辅导program编程、辅导Python，c++程序

Program Assignment #2
Due day: NOV. 16, 2021
Problem 1: Matrix-Matrix Multiplication
In the first hands-on lab section, this lab introduces a famous and widely-used example
application in the parallel programming field, namely the matrix-matrix multiplication.
You will complete key portions of the program in the CUDA language to compute this
widely-applicable kernel.
In this lab you will learn:
‧ How to allocate and free memory on GPU.
‧ How to copy data from CPU to GPU.
‧ How to copy data from GPU to CPU.
‧ How to measure the execution times for memory access and computation
respectively.
‧ How to invoke GPU kernels.
Your output should look like this:
Input matrix file name:
Setup host side environment and launch kernel:
Allocate host memory for matrices M and N.
M:
N:
Allocate memory for the result on host side.
Initialize the input matrices.
Allocate device memory.
Copy host memory data to device.
Allocate device memory for results.
Setup kernel execution parameters.
# of threads in a block:
# of blocks in a grid :
Executing the kernel...
Copy result from device to host.
GPU memory access time:
GPU computation time :
GPU processing time :
Check results with those computed by CPU.
Computing reference solution.
CPU Processing time :
CPU checksum:
GPU checksum:
Record your runtime with respect to different input matrix sizes as follows:
Matrix Size GPU Memory
Access Time
(ms)
GPU
Computation
Time (ms)
GPU
Processing
Time (ms)
Ratio of
Computation Time
as compared with
matrix 128x128
8 x 8
128 x 128 1
512 x 512
3072 x 3072
4096 x 4096
What do you see from these numbers?
Problem 2: Matrix-Matrix Multiplication with Tiling and Shared Memory
This lab is an enhanced matrix-matrix multiplication, which uses the features of
shared memory and synchronization between threads in a block. The device shared
memory is allocated for storing the sub-matrix data for calculation, and threads share
memory bandwidth which was overtaxed in previous matrix-matrix multiplication lab.
In this lab you will learn:
‧ How to apply tiling on matrix-matrix multiplication.
‧ How to use shared memory on the GPU.
‧ How to apply thread synchronization in a block.
Your output should look like this.
Input matrix file name:
Setup host side environment and launch kernel:
Allocate host memory for matrices M and N.
M:
N:
Allocate memory for the result on host side.
Initialize the input matrices.
Allocate device memory.
Copy host memory data to device.
Allocate device memory for results.
Setup kernel execution parameters.
# of threads in a block:
# of blocks in a grid :
Executing the kernel...
Copy result from device to host.
GPU memory access time:
GPU computation time :
GPU processing time :
Check results with those computed by CPU.
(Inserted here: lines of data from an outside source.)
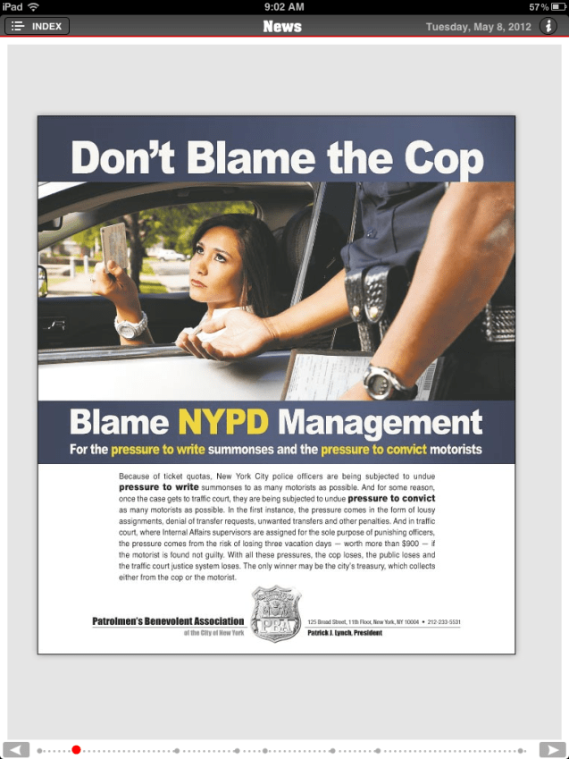 My son lives and works in New York City. He sent me this ad that was placed in the New York Times this week by the PBA — The Patrol Officer’s Benevolent Association — the union that represents New York cops.
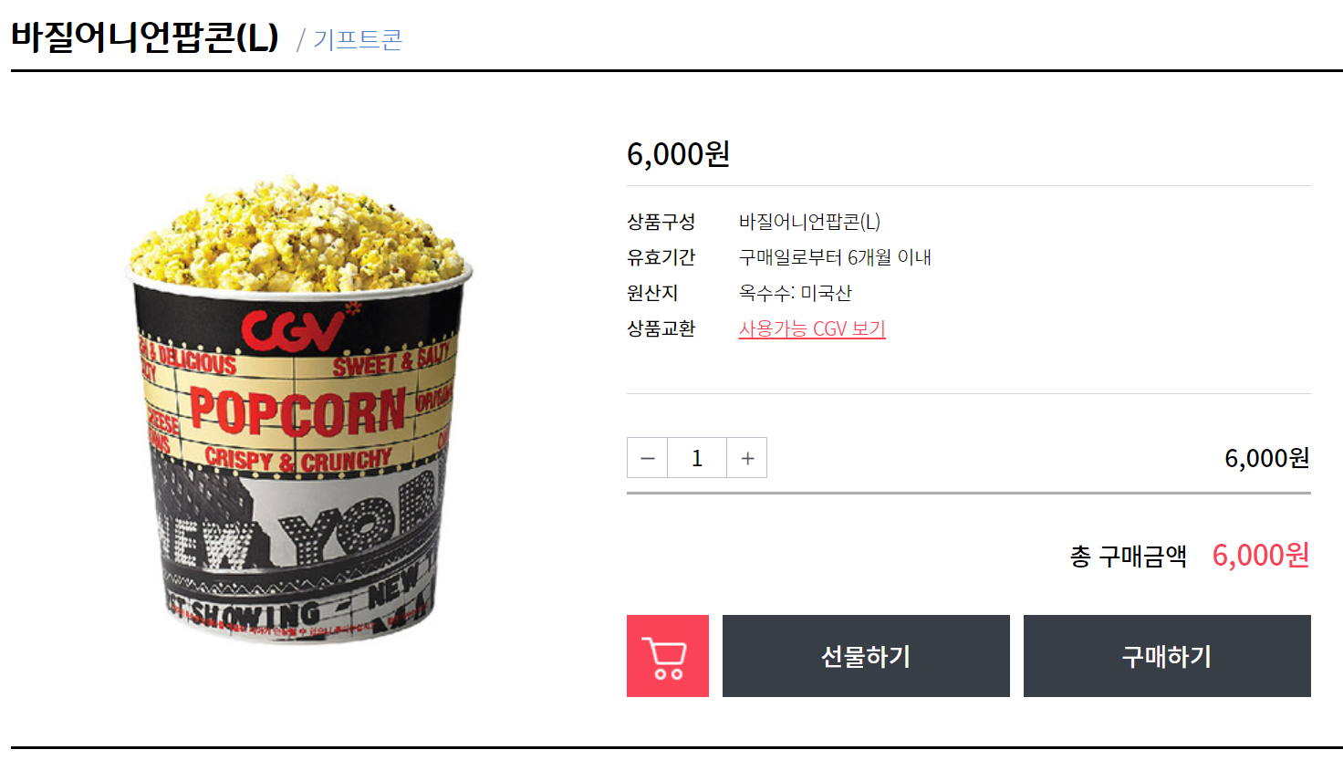 4. 바질어니언팝콘 - 가격은 6,000원이며, L(라지) 사이즈입니다. M(중간) 사이즈는 5,500원입니다. (바질어니언팝콘은 수많은 매니아를 보유한 바로 그 팝콘이며, 계속 먹게 되어서 중독성 강하다고 하니 중독성 200%입니다.)
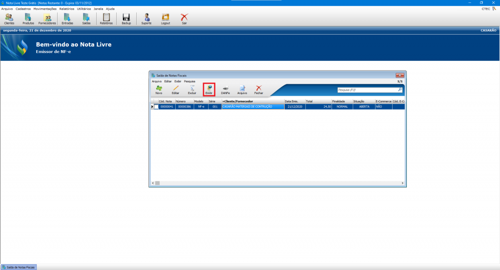 3\. Clique em **Confirmar** > **Gravar** e **Emitir**.
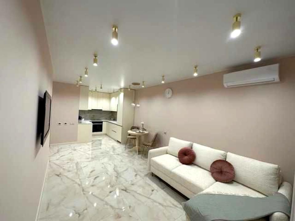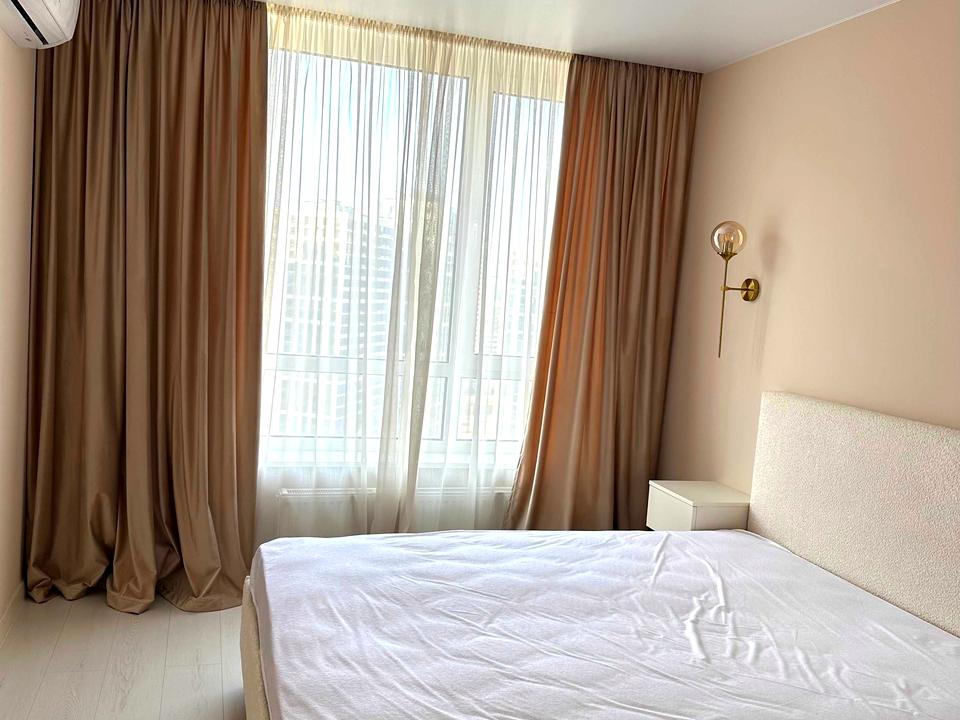 В квартире 1 комната, высота потолков 2.7 метра, Тип будинку - Спец. проект. Газа нет, кухонная плита электрическая. Балкона нет. В квартире есть Телевизор, Подогрев полов, Кондиционер, Стиральная машина, Ванна, Холодильник, Микроволновка, Посудомойная машина. Дом построен в 2022 году. Общее состояние квартиры - С ремонтом. Горячая вода - централизованная. Количество санузлов: 1. Интернет беспроводной. Работает без света - вода, отопление, интернет, лифт. Тип кухни - кухня-студия. Количество спален: 1. Нет подземного паркинга, доступного как укрытие. Инфраструктура территории: детская площадка, спортивная площадка, отделенная зона для выгула животных, двор без авто. Комиссия за услуги 50 %
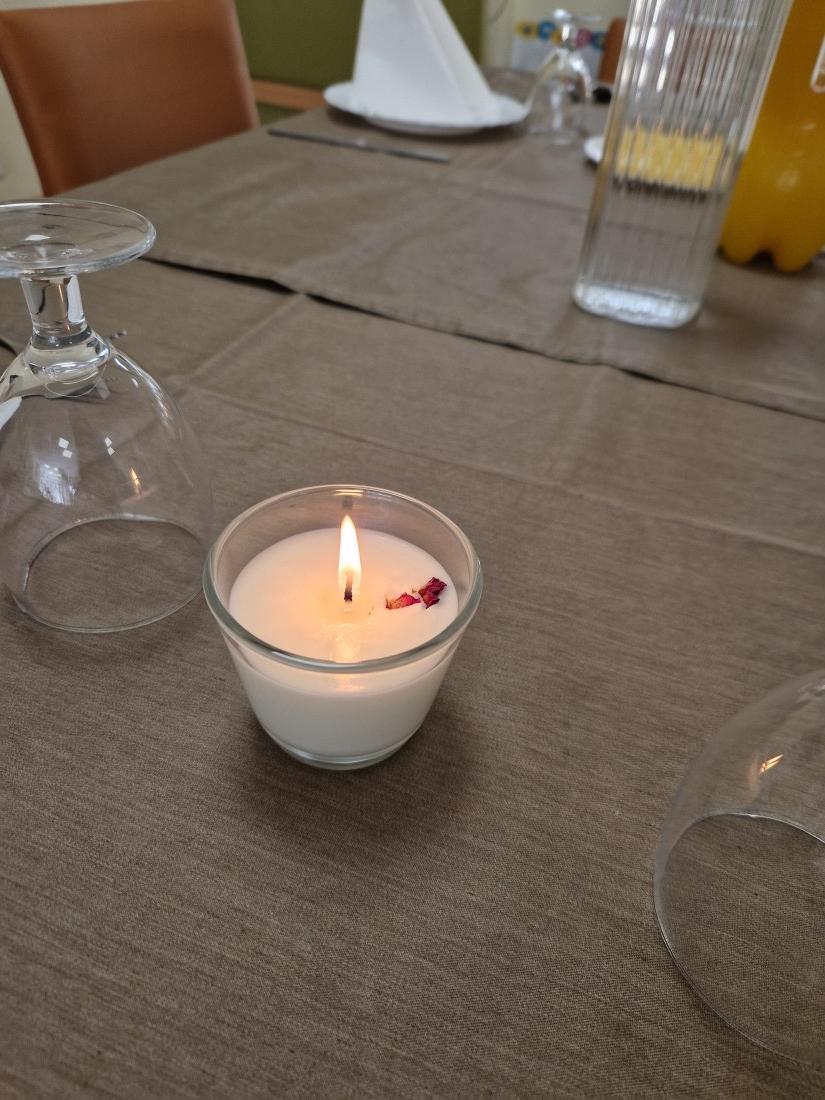 Dinar amb les families. Encetem l'espelma que vam fer l'altre dia, olor a fresa i nata
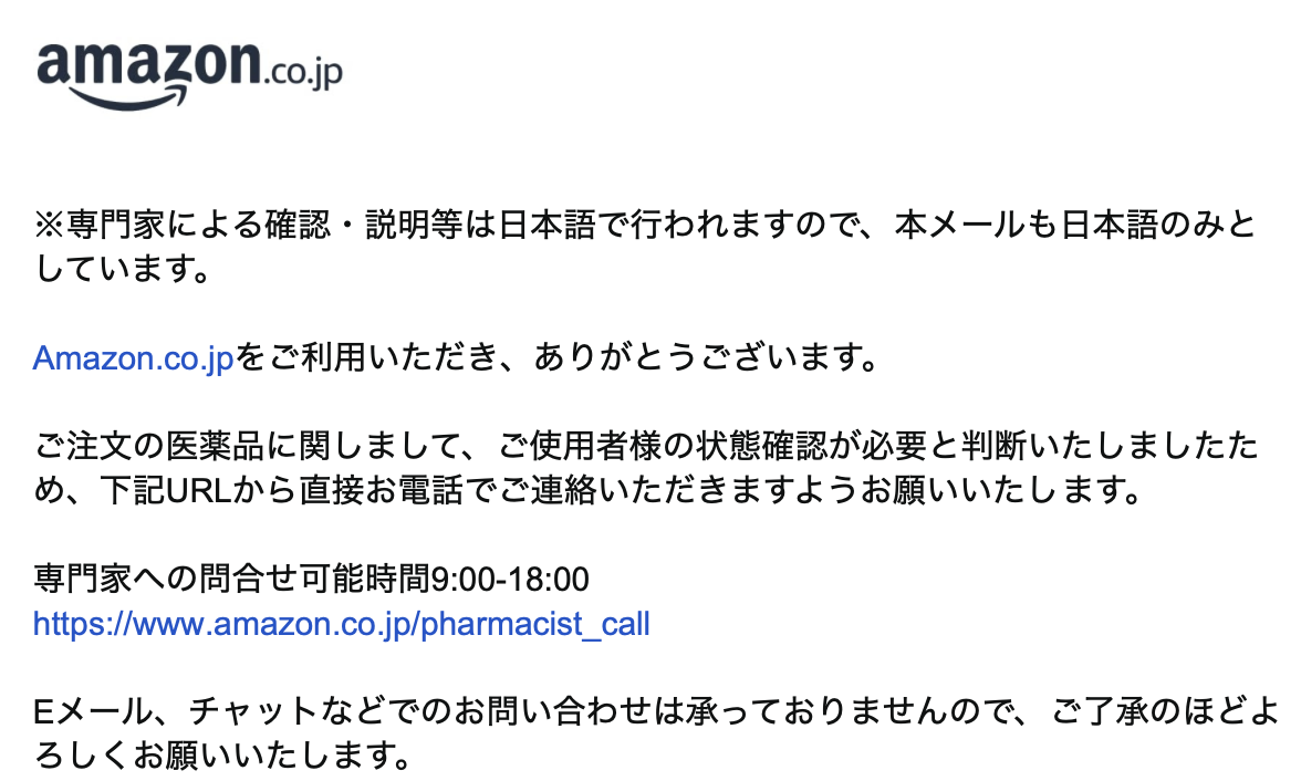 Amazonから「重要」医薬品に関する適正使用確認のお知らせが届いた
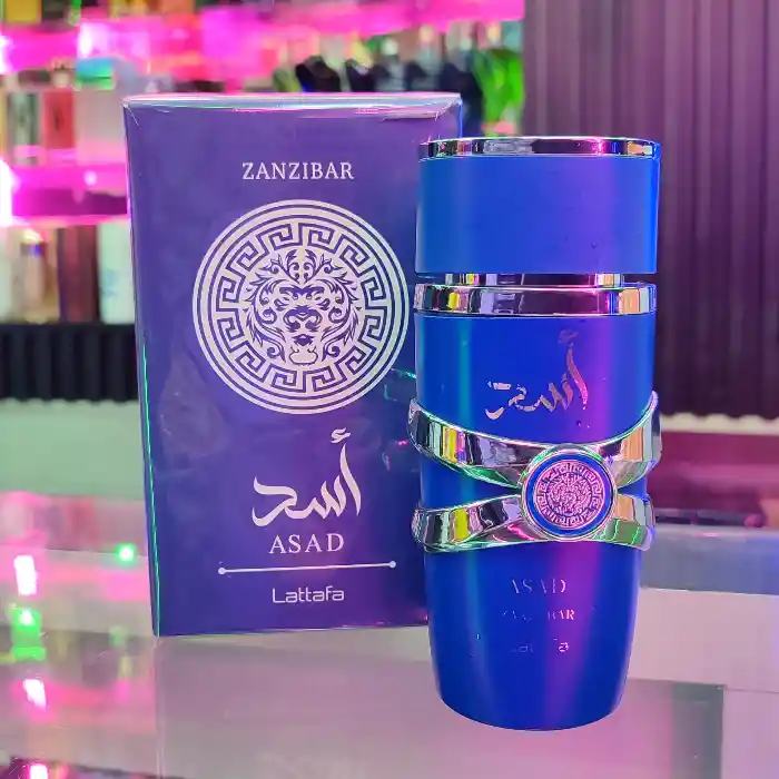 Perfume "ASAD ZANZIBAR LATTAFA PERFUMES" 100% garantizado. Cada perfume viene con el empaque y caja como se muestra en la foto. 1.1 Asad Zanzibar de Lattafa Perfumes es una fragancia de la familia olfativa para Hombres. Las Notas de Salida son lavanda y pimienta negra las Notas de Corazón son Agua de coco, iris y sal las Notas de Fondo son vainilla y incienso.
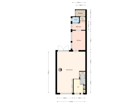 Aansluitend bereikt u de bijkeuken. Deze praktische ruimte is afgewerkt met een gietvloer en deels betegelde wanden. U vindt hier een vaste kastenwand en een deur naar de tuin. Vanuit de bijkeuken heeft u tevens toegang tot de toiletruimte. Het toilet is netjes afgewerkt, deels betegeld en voorzien van een staand toilet en inbouwspots.
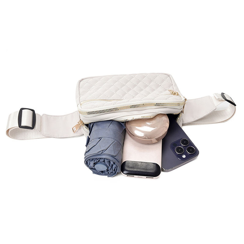 Custom Quilted Fanny Pack for Women Portable Oxford White Waist Bag with Zipper Closure Waterproof Outdoor Sport Crossbody

Computing reference solution.
CPU Processing time :
CPU checksum:
GPU checksum:
Record your runtime with respect to different input matrix sizes as follows:
Matrix Size GPU Memory
Access Time
(ms)
GPU
Computation
Time (ms)
GPU
Processing
Time (ms)
Ratio of
Computation Time
as compared with
matrix 128x128
8 x 8
128 x 128 1
512 x 512
3072 x 3072
4096 x 4096
What do you see from these numbers? Have they improved a lot as compared to the
previous matrix-matrix multiplication implementation?
Problem 3: Matrix-Matrix Multiplication with Tiling and Constant Memory
This lab is an enhanced matrix-matrix multiplication, which uses the features of
constant memory and synchronization between threads in a block. Allocate constant
memory for matrices M and N.
Record your runtime with respect to different input matrix sizes as follows:
Matrix Size GPU Memory
Access Time
(ms)
GPU
Computation
Time (ms)
GPU
Processing
Time (ms)
Ratio of
Computation Time
as compared with
matrix 128x128
8 x 8
128 x 128 1
512 x 512
3072 x 3072
4096 x 4096
What do you see from these numbers? Have they improved a lot as compared to the
previous matrix-matrix multiplication implementation?